1 Introduction
Our project is to do literature analytics on female image in literature works of American Chinese authors. After a hundred years of development, American Chinese literature has made remarkable achievement, the female characters in those works have their own style and particular characteristics, and they also reflect the author’s consciousness. At the same time, identification consists of an individual’s sense of selfness and group awareness could reflect how one understands and responds to others. In our project we want to find out the specialty of female character in the literature works of American Chinese authors and we decide to explore one’s racial-ethnic identity can create a sense of understanding through conceptualizing past perceptions in to new and positive ideals of the selfness and group awareness.
We collect 22 literature works that contain female images from 12 American Chinese Authors. The data are online open sources with epub, mobi, and pdf format. We use Python to do information extraction, POS-TAG, and sentiment analysis. After that, we use SPSS modeler to do sentiment analysis on all 22 literature works and also on 6 literature works that written by Amy Tan.

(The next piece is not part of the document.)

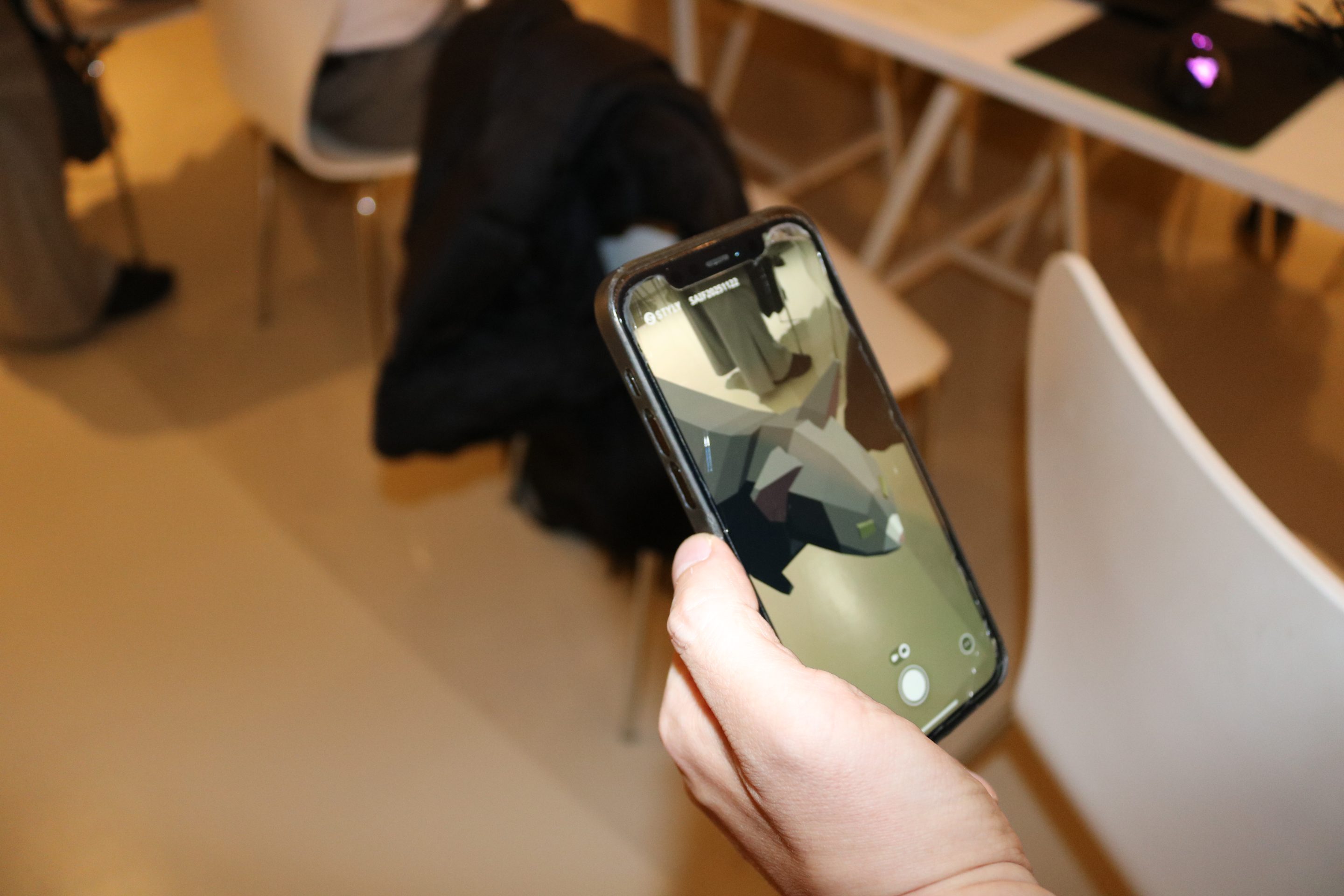 それぞれ自由なシーンを完成させた後 生成された二次元コードをスマートフォンで読み込むと スマートフォンの画面上の現実空間に自分の配置したオブジェクトが表示されます 読み込みを終えたみなさんは立ち上がり スマートフォンを片手に会場内を歩き回りながら自分の作品を探していました

The majority of female come from different background and they are in lower social status facing with innumerable difficulties from society and culture. And the traditional female images are courageous, tough, taciturn, and thoughtfulness under the social background of the old time.
2 Dataset Description
Our original data contains 22 literature works of 12 Chinese American authors, which are from online open source and their formats are epub, mobi, and pdf. Raw data is transformed to text file.
The reason why we choose these data is that all the main female characters in these literature works have something in common. They are all portrayed by Chinese American authors and live in the same age–20 century and same country–United States.
3 System Design
3.1 Data Preprocessing
In this part we collect the fiction files from different sites including different types of files like txt, epub, etc. Here we transformed these text data into txt files and load it into the python for further use.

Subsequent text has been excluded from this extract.